Social issues

Has democracy hit a road bump (or maybe a Mexican wall)?


Let me start by clarifying that I’m not into politics and I don’t follow it closely other than the bare minimum required to have intelligent conversations. However, even to a political illiterate like me, it seems as if governments in certain countries have become less and less effective.

America, supposedly the poster child of democracy where everyone has a say has ended up with a President who did not win the popular vote and seems to spend an awful amount of time on Twitter. He’s somehow managed to carry on as President despite investigations  around collusion with Russia and makes headlines every other day for saying the wrong things.

In the latest incident, the US government was shut for three days but luckily it has now reopened. In the first place, though, isn’t it rather ridiculous that it is no longer surprising or worrying when the US government has to shutdown because the Senate can’t get funding approved? In other words, this is equivalent to the government temporarily shutting down because it is not able to pay its bills. If it was a company, I’m sure that this situation would not be deemed acceptable by shareholders, creditors, customers, etc.

The Conservative government in the UK took democracy to another level by asking the people to vote on Brexit. Considering that politicians who are supposed to be highly educated with teams of advisors could not agree on this issue, David Cameron had the brilliant idea of leaving it to the public to decide. On top of that, the politicians campaigned for their sides with inaccurate information which misled the people. Last year, Theresa May made a similar mistake by calling for early elections based on poll data showing strong support for the Conservatives. Instead, the Conservatives lost their majority and May is now stuck with a minority government while trying to negotiate a Brexit deal .

Moving to the Far East, the two giants of Asia emerging markets – China and India – could not be more different. China has a highly centralised and controlling government, from the lack of freedom of speech to capital controls limiting currency outflows; the anti-corruption drive with random people disappearances to government ownership in most ‘important’ sectors such as rail, banking and telecom; internet and media censorship to a centralised system which dictates when heating gets turned on; the list goes on. India, on the other hand, is a democracy with elected state and central governments. While there is regulation and certain restrictions on foreign ownership, it is by and large a free economy.

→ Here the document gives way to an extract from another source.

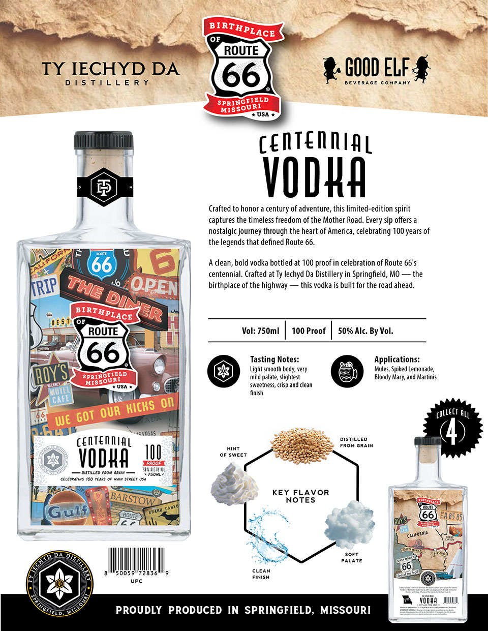 A clean, bold vodka bottled at 100 proof in celebration of Route 66’s centennial. Crafted at Ty Iechyd Da Distillery in Springfield, MO — the birthplace of the highway — this vodka is built for the road ahead.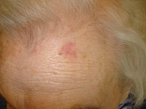 Parasti šo slimību pamana tās otrajā stadijā, kad parādās sārts pleķītis, kurš nepāriet vairāku mēnešu laikā. Vispirms ir tikai viens bojājuma laukums, bet nereti vēlāk sarodas vairāki. Visbiežāk tie ir saules skartajās vietās: uz sejas, kakls, dekoltē, ausis, mugura un roku virsējām virsmām, vīriešiem skalps (kam ģenētiska nosliece uz plikpaurību).

Even though both countries have grown rapidly in the past decade, China is miles ahead of India in terms of addressing poverty (8% vs 21% of population below the poverty line according to the World Bank in 2011), infrastructure build-out and innovation with some of the largest tech companies globally such as Alibaba, Tencent and Huawei. We’ll have to wait another decade before we can see which country fares better, but for now, it seems like China is ahead in the race.

In my beloved hometown, Malaysia, we have a democratic system riddled with fraudulent votes. As a result, Najib is still in power despite being linked to large scale corruption and evidence showing that over $600 million was deposited into his personal account. It also helps that his government has become more supportive of the Malay community which makes up the majority of voters and taking more hardline Islamic politics.

Don’t get me wrong – I’m a supporter of democracy and highly value my rights and freedom. Democracy at least gives people the option to vote for a change if things aren’t going well. The communist regime is definitely riskier and can go horribly long, as evidenced in North Korea where the Kim dynasty decided to close the economy and fire missiles to threaten the rest of the world. Throughout history, there have been numerous examples of power crazy maniacs rising to become dictators and deciding to slaughter millions. Even so, it might be time to revamp the electoral system and also breed a new generation of politicians as the current version of democracy may not be working well.

So what do you think? Is the current version of democracy still fit for purpose?